**Directions**: Starting at the top of the records below and ending with the line that contains "習近平在慰問電中強調,相互支", print each line exactly as written, skipping the pictures.
======== Excerpted records
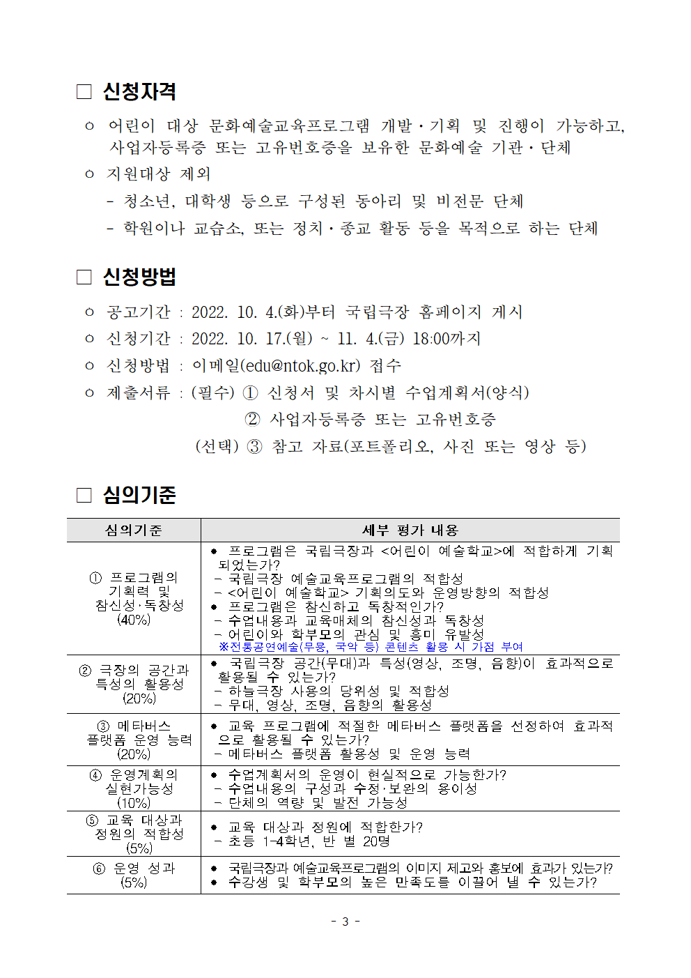 | edu@ntok.go.kr | 전화번호 | 예술교육팀 02-2280-5821 / 5823 | |
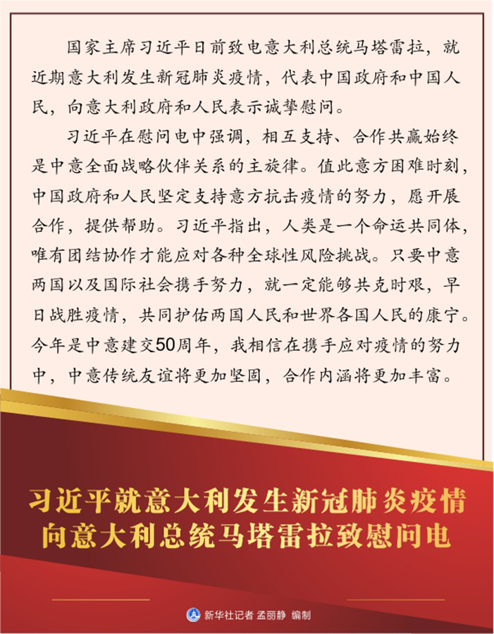 習近平在慰問電中強調,相互支持、合作共贏始終是中意全面戰略伙伴關系的主旋律。值此意方困難時刻,中國政府和人民堅定支持意方抗擊疫情的努力,愿開展合作,提供幫助。習近平指出,人類是一個命運共同體,唯有團結協作才能應對各種全球性風險挑戰。只要中意兩國以及國際社會攜手努力,就一定能夠共克時艱,早日戰勝疫情,共同護佑兩國人民和世界各國人民的康寧。今年是中意建交50周年,我相信在攜手應對疫情的努力中,中意傳統友誼將更加堅固,合作內涵將更加豐富。
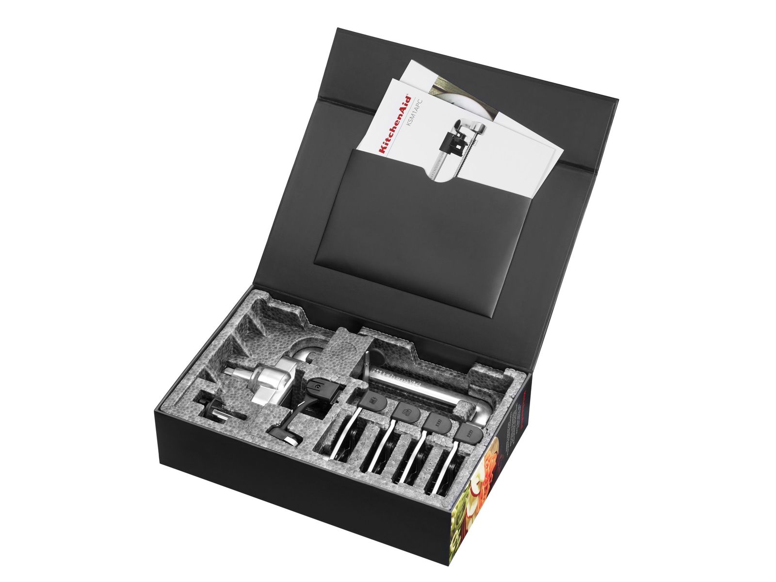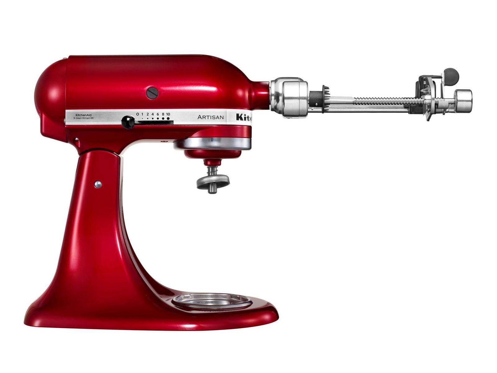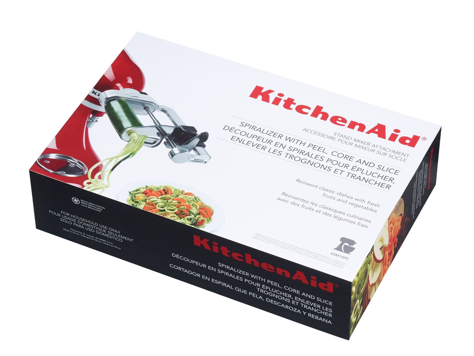 We willen met z'n allen graag gezonder eten, en dan is een spiraalsnijder een must have om creatief te koken. Zo kan je noedels en pasta vervangen door groenteslierten en gemakkelijk gezonde alternatieven bereiden. Ideaal dus als je gluten of koolhydraten wil vermijden. Bereid je voor op een nieuwe draai aan de oude klassiekers! Spiraalsnijders hebben scherpe messen die vruchten en groenten in dunne krulslierten snijden, om zo verleidelijke nieuwe gerechten te creëren die het beste uit de natuur halen. Dit nieuwe KitchenAid-toebehoren wordt geleverd met twee spiraalmessen (dun en medium) en twee krulmessen die groot of klein kunnen ontkernen en gewafelde plakjes snijden. Er is ook een handenvrij schilmes verkrijgbaar. Als je dagelijks gezond eet, is het belangrijk te weten dat dit hoogwaardige hulpmiddel zeer duurzaam is. De metalen constructie garandeert langdurige prestaties, en de hulpstukken worden aangedreven door de as van de mixer/keukenrobot, voor extra stabiliteit en betrouwbaarheid. Compatibel met alle mixers/keukenrobots.
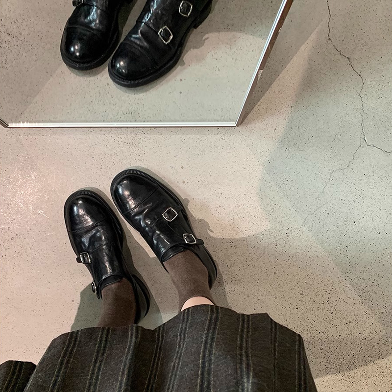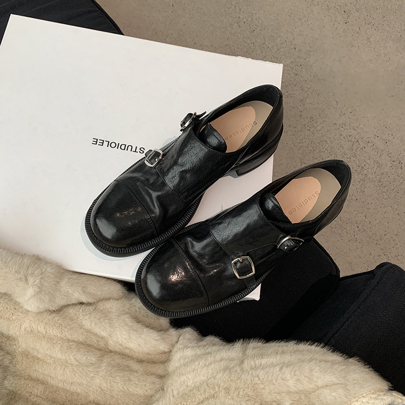 缩纹马皮双扣小皮鞋女2024春季新款英伦雕花圆头粗跟百搭乐福单鞋
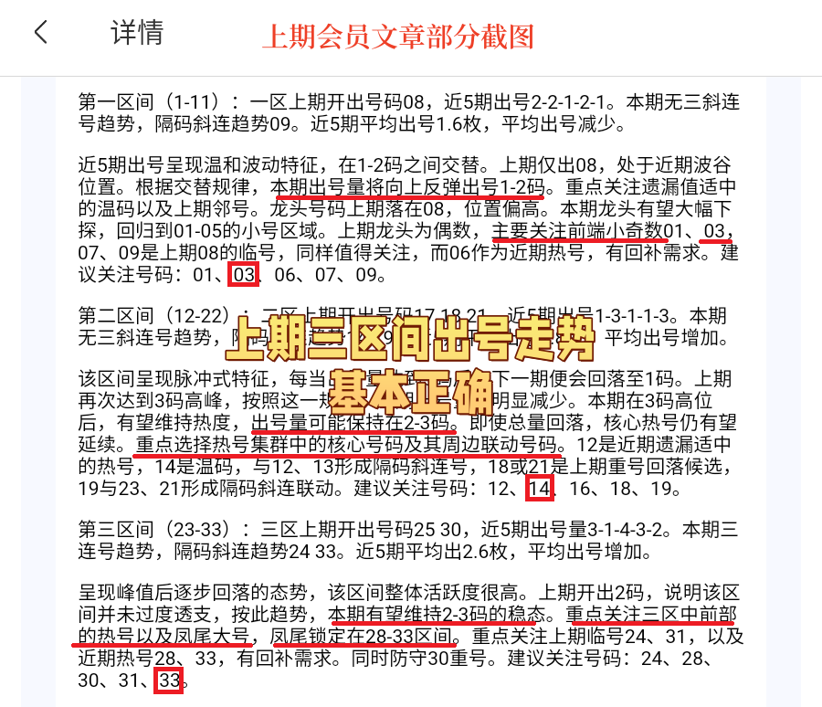 会员文章每个区间给出更详细的分析,说明整体走势的最新趋势,重号和连号均有推荐。
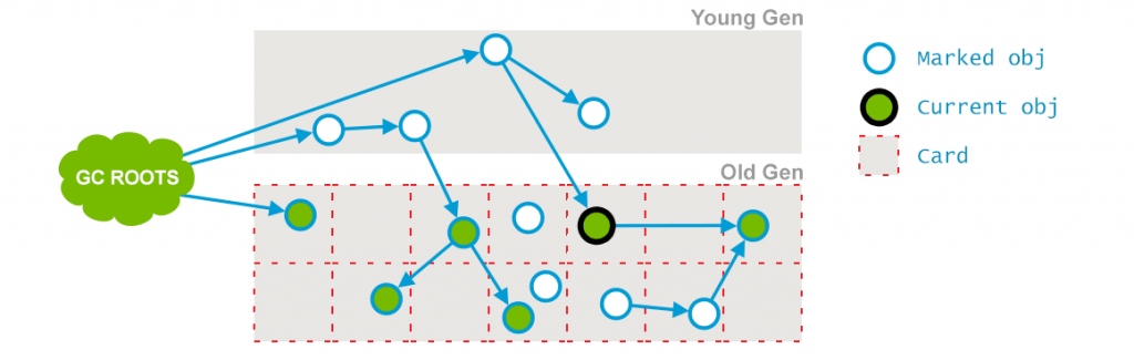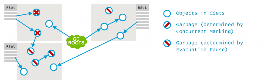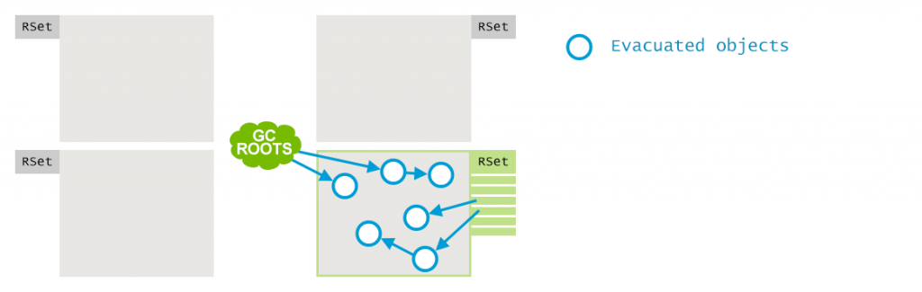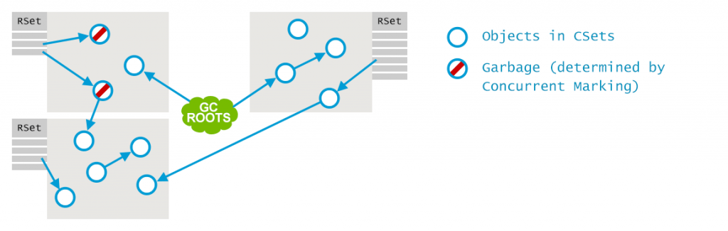 As shown in the illustration below, each region has a remembered set that lists the references pointing to this region from the outside. These references will then be regarded as additional GC roots. Note that objects in Old regions that were determined to be garbage during concurrent marking will be ignored even if there are outside references to them: the referents are also garbage in that case.
================
**Written response**:
 | edu@ntok.go.kr | 전화번호 | 예술교육팀 02-2280-5821 / 5823 | |
 習近平在慰問電中強調,相互支持、合作共贏始終是中意全面戰略伙伴關系的主旋律。值此意方困難時刻,中國政府和人民堅定支持意方抗擊疫情的努力,愿開展合作,提供幫助。習近平指出,人類是一個命運共同體,唯有團結協作才能應對各種全球性風險挑戰。只要中意兩國以及國際社會攜手努力,就一定能夠共克時艱,早日戰勝疫情,共同護佑兩國人民和世界各國人民的康寧。今年是中意建交50周年,我相信在攜手應對疫情的努力中,中意傳統友誼將更加堅固,合作內涵將更加豐富。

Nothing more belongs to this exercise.